Shaping human willpower in eating process to prevent overeating


The project “Where lies the line between hunger and satiety?” appeals to the line between hunger and satiety, trying to find the solutions of tableware shapes enabling to control and strengthen human willpower in eating process, preventing overeating when people feel starving. Slow Bites, Blossom, Peanut, and Goose – the tableware of conceptual design were created aiming to transform the perception of food amount and eating duration.

The project is funded by the Lithuanian Council for Culture.

Slow Bites

Satiety is a pleasant feeling, however, having just slightly overeat, felicity may turn into suffering. The feeling of pleasant fullness is determined by the ratio between food amount and eating duration. When food is served on a single open plate, there is a possibility to consume it in a rush, making eating experience instantaneous and spooky. Slow Bites are designed so that a serving is scattered by bites and hel to create an individual experience in the cognition of flavours.
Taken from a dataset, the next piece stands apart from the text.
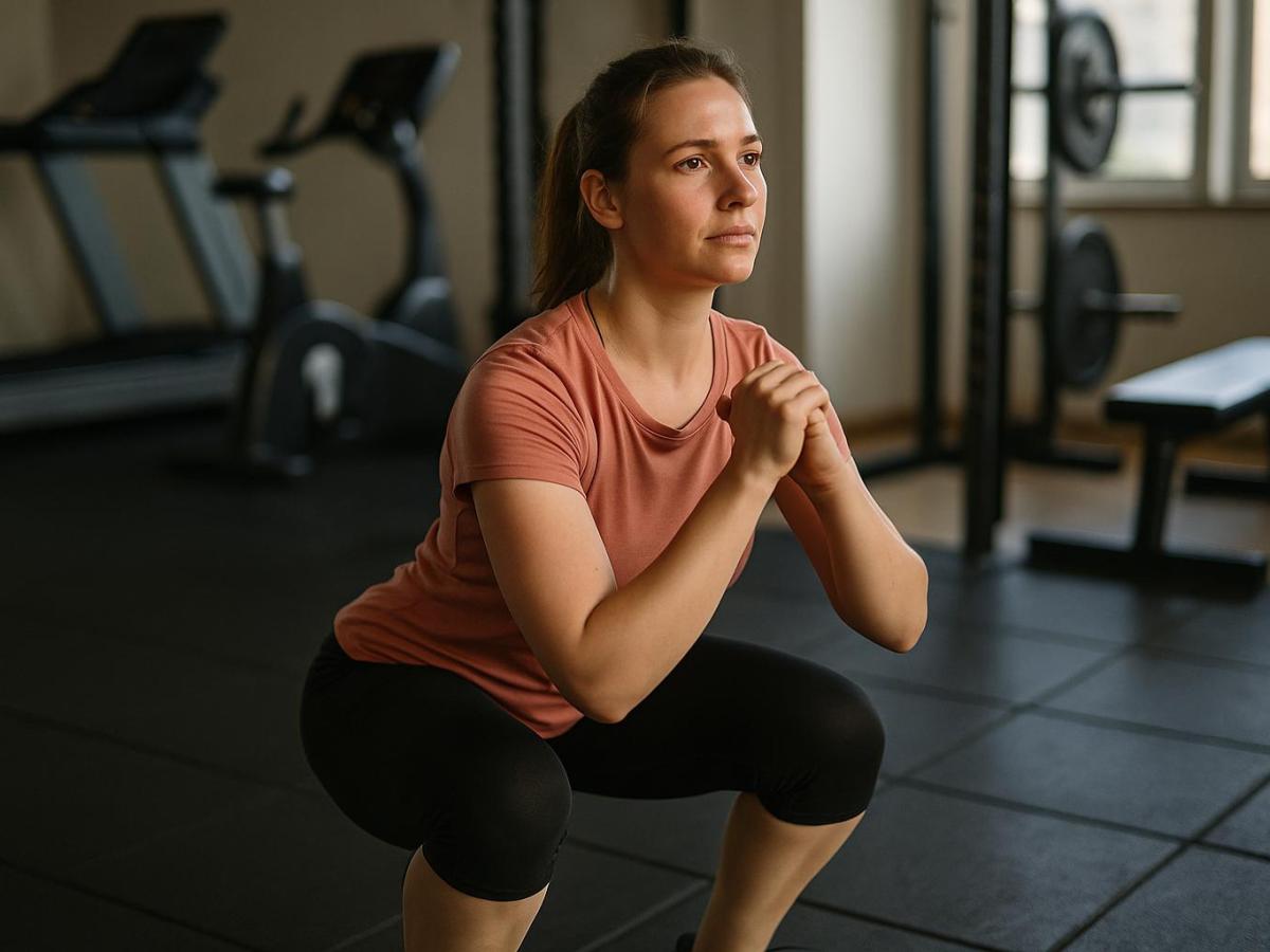 Даже при усталости важно держать корпус прямым, а колени не выводить вперёд за линию стоп. -
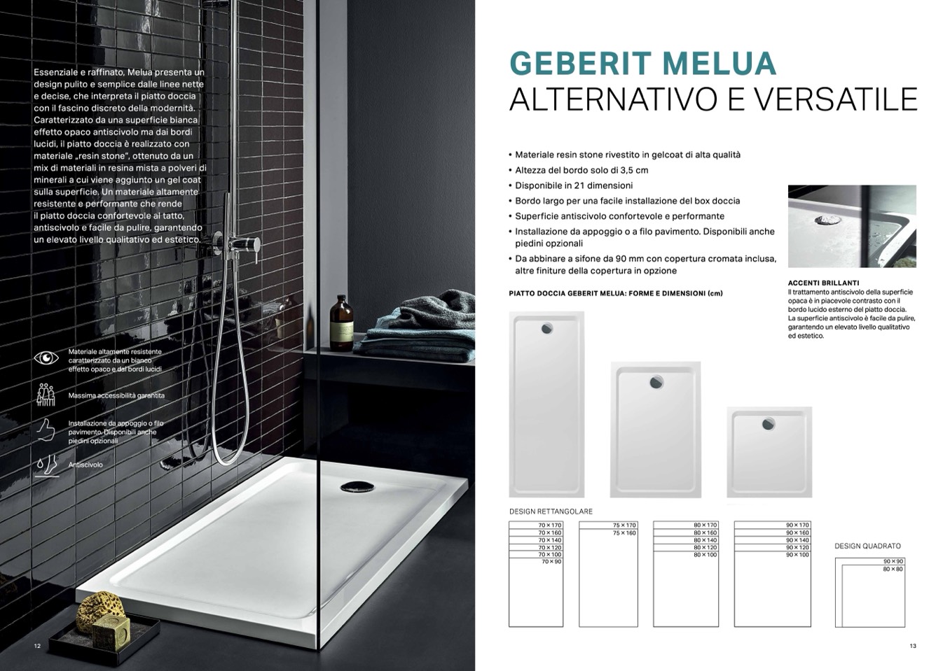PIATTO DOCCIA GEBERIT MELUA: FORME E DIMENSIONI (cm)

These dishes are designed to enjoy food by eating with fingers, same as you eat fruits or berries while walking in a garden.


The habit of rushing through life is somewhat related to our plates. In the context of abundant routine concerns, eating sometimes becomes just an instantaneous physiological function, necessary to minimize discomfort caused by hunger. Blossom is a subtle allusion to a three-course dinner. The food served in a single dish set is divided into three different layers and periods of time, thus discouraging eating in one go and contributing to a full feeling that unrolls slowly, making pauses between courses.


Snacks are intended for fast and comfortable eating, therefore, there is always the risk of having too much, especially, when we do not have time for regular meals. This dish is intended to control the habit of excessive snacking, grabbing the food with full hands and stuffing in mouth without paying attention into the contents. The dish has a narrow opening; therefore, it takes more time to reach food with fingers. This is aimed to train attention during meal. To make an optical illusion of bigger serving of snacks and facilitate tracking of the consumed amounts of food, the dish bend divides food into separate zones.


The line between hunger and fullness is controlled by the plates that create the illusion of satiety. The shape of Goose dishes alludes to foie gras thus creating the feeling of early satiety. To ensure serving well-balanced amounts of food, the plates are designed of such shape that having placed a bigger portion, any excessive amount of food would slide off the plate like water slides off a goose’s back.